Background & Motivation

The field of image compression has evolved from traditional coding (VVC) → learning-based VAE coding → GAN-based generative coding → diffusion-based generative coding. Diffusion models have achieved remarkable progress in perceptual reconstruction quality at low bitrates, owing to their powerful content synthesis capability. However, two core limitations remain:

Latency of multi-step sampling. Existing diffusion codecs (e.g., DiffEIC, PerCo) require tens of iterative denoising steps, with decoding times ranging from several to over ten seconds—far exceeding the sub-second decoding of VAE-based methods—severely limiting practical applicability.

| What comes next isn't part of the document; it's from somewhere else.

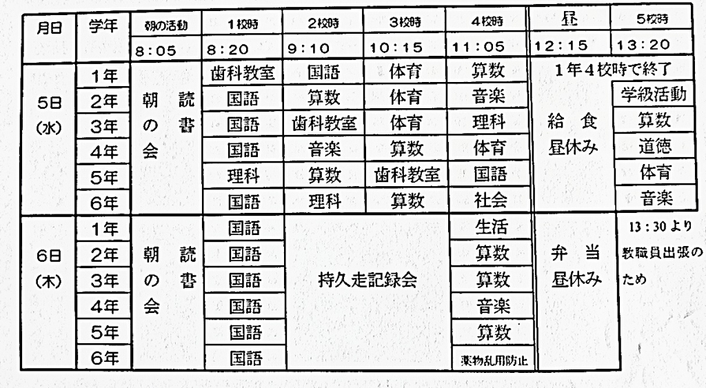 ○教育週間中に、校内持久走記録会、薬物乱用防止教室、歯みがき教室も予定されています。

Tension between efficiency and accuracy of semantic conditioning. Standard diffusion generation starts from pure noise and requires many steps for gradual refinement. However, image compression is fundamentally different: low-bitrate encoding already preserves the coarse structural information of an image, and the decoder is primarily responsible for reconstructing high-frequency details. This suggests that multi-step sampling may be unnecessary. Yet one-step diffusion demands more precise semantic conditioning to compensate for the absence of iterative refinement. Existing methods use text prompts as semantic guidance, but text struggles to describe fine-grained local visual semantics, and requires large VLMs (e.g., BLIP2) to generate captions, incurring significant computational overhead.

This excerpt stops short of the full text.